• **Exercise brief**
Give a verbatim copy of the data, leaving the pictures out.
BEGIN
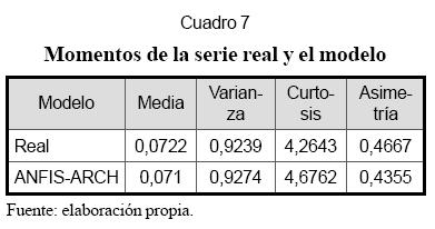 El caso analizado ejemplifica tanto el modelo ANFIS-GARCH propuesto como la metodología de especificación desarrollada. Al comparar este modelo con modelos alternativos más parsimoniosos (con menos parámetros) y más tradicionales, tal como el modelo ARGARCH, se demuestra que la aproximación aquí presentada es, en términos estadísticos, significativamente diferente y que permite modelar mejor las propiedades de la serie analizada.
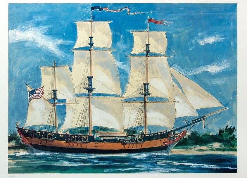 (Disneyland, 1998) A large lithograph featuring Imagineer Sam McKim's concept artwork of the "Sailing Ship Columbia", created to mark the 40th Anniversary of the attraction at Disneyland. This item is measures 26"x40" and is in very good condition with some edge-wear including a few small spots of discoloration.
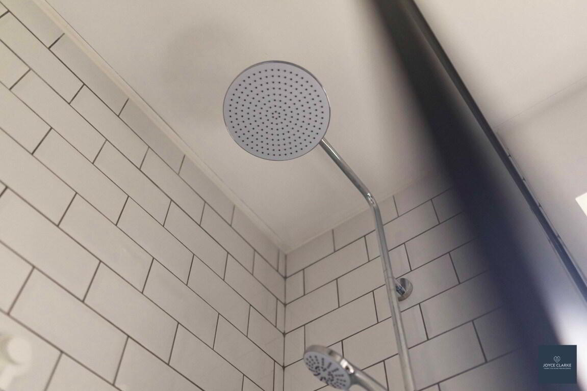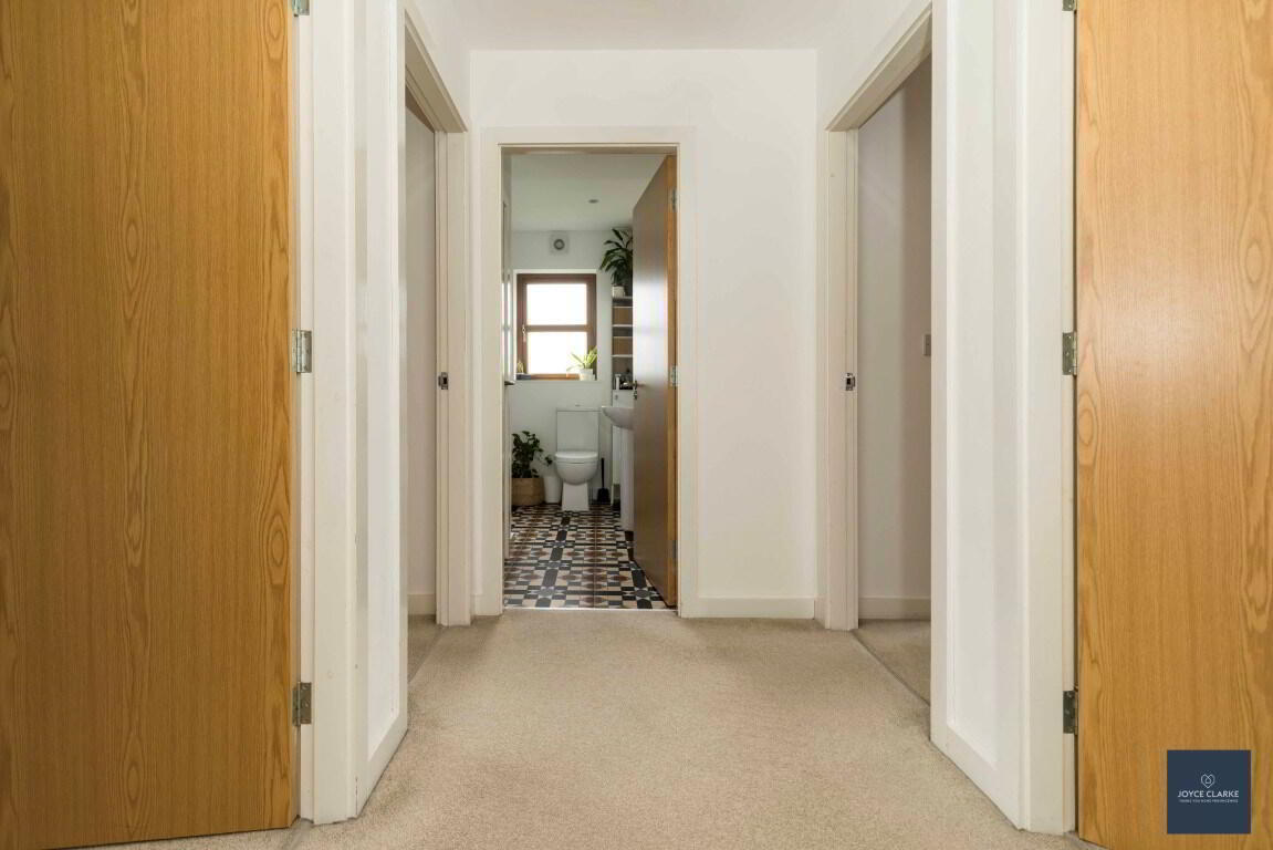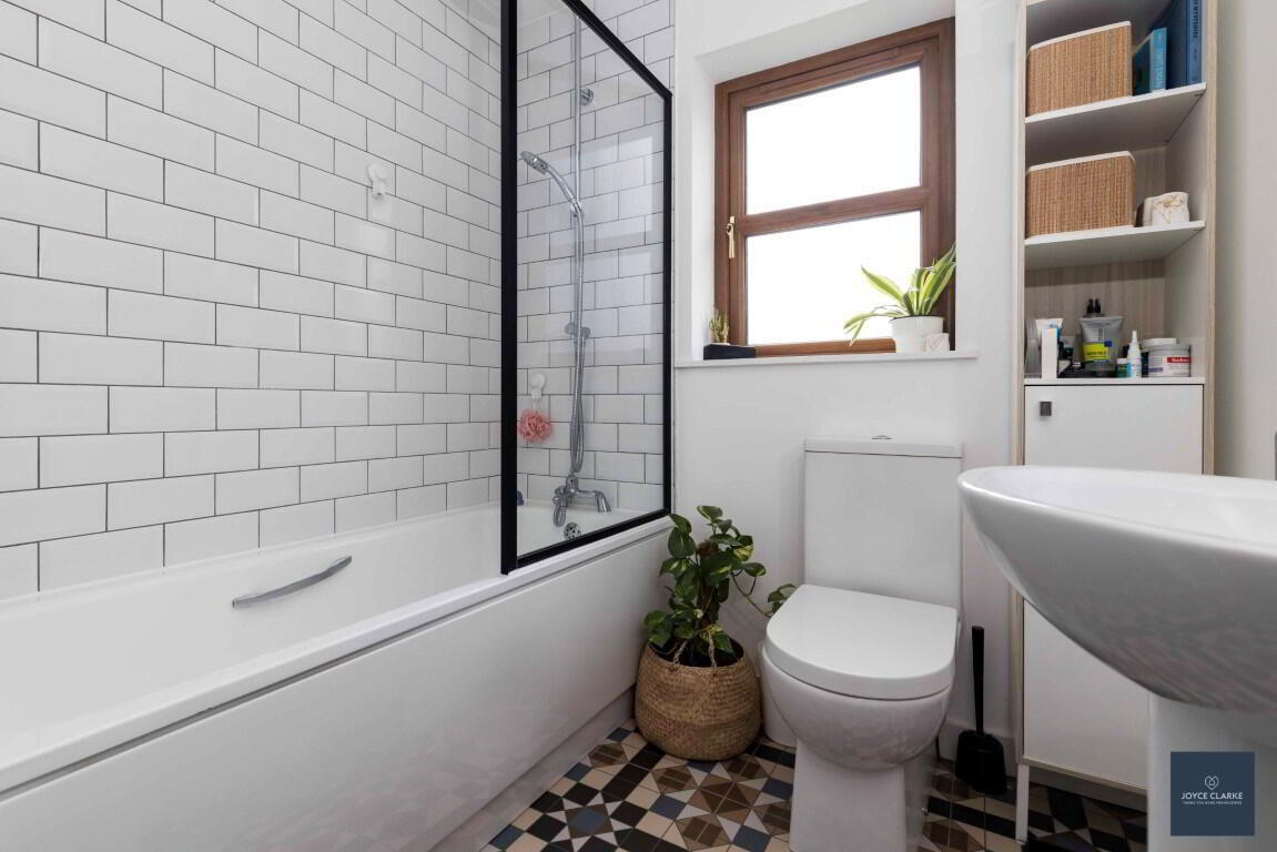 Modern three piece suite comprising of bath with waterfall dual shower over. Back to wall dual flush WC. Pedestal style sink with mixer tap. Double panel radiator. Tiled floor and part tiled walls. Recessed lighting. Window. Extractor. Hotpress.
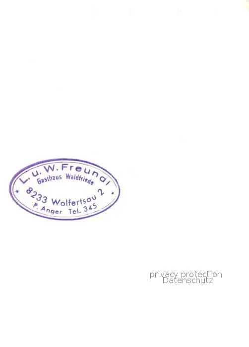 Wolfertsau_Anger Gasthaus Waldfriede Wolfertsau Anger postalisch nicht gelaufen 1921-1965 Keine Postkarte (siehe scan) Erhaltung siehe scans [FriedD77] Keine Postkarte (siehe scan) Frierer
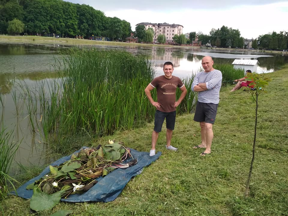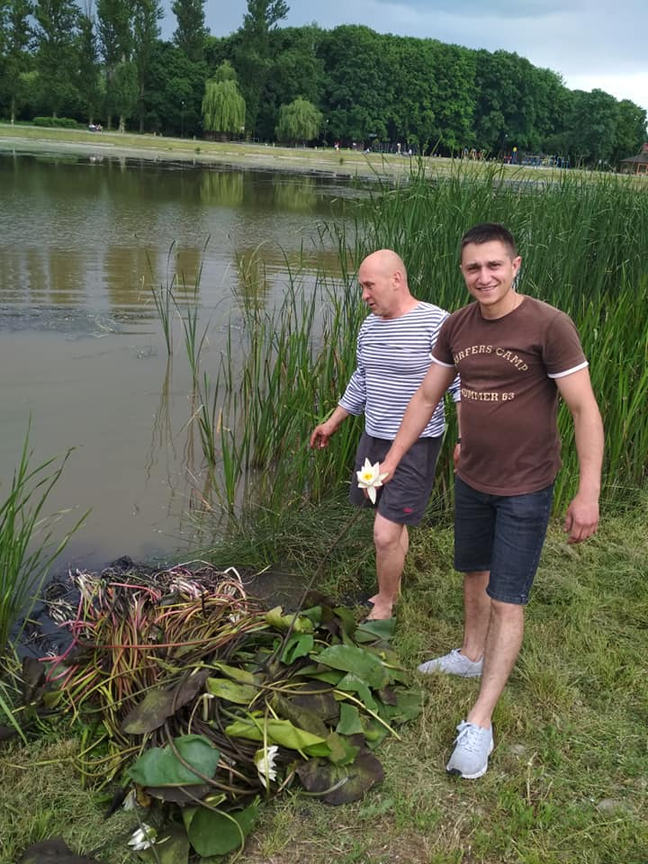 Місцеві мешканці Сергій Комісарук  та Віталій Зарубін посадили водяні лілії на міському озері у Коломиї.
END
• **Expected answer**
 El caso analizado ejemplifica tanto el modelo ANFIS-GARCH propuesto como la metodología de especificación desarrollada. Al comparar este modelo con modelos alternativos más parsimoniosos (con menos parámetros) y más tradicionales, tal como el modelo ARGARCH, se demuestra que la aproximación aquí presentada es, en términos estadísticos, significativamente diferente y que permite modelar mejor las propiedades de la serie analizada.
 (Disneyland, 1998) A large lithograph featuring Imagineer Sam McKim's concept artwork of the "Sailing Ship Columbia", created to mark the 40th Anniversary of the attraction at Disneyland. This item is measures 26"x40" and is in very good condition with some edge-wear including a few small spots of discoloration.
 Modern three piece suite comprising of bath with waterfall dual shower over. Back to wall dual flush WC. Pedestal style sink with mixer tap. Double panel radiator. Tiled floor and part tiled walls. Recessed lighting. Window. Extractor. Hotpress.
 Wolfertsau_Anger Gasthaus Waldfriede Wolfertsau Anger postalisch nicht gelaufen 1921-1965 Keine Postkarte (siehe scan) Erhaltung siehe scans [FriedD77] Keine Postkarte (siehe scan) Frierer
 Місцеві мешканці Сергій Комісарук  та Віталій Зарубін посадили водяні лілії на міському озері у Коломиї.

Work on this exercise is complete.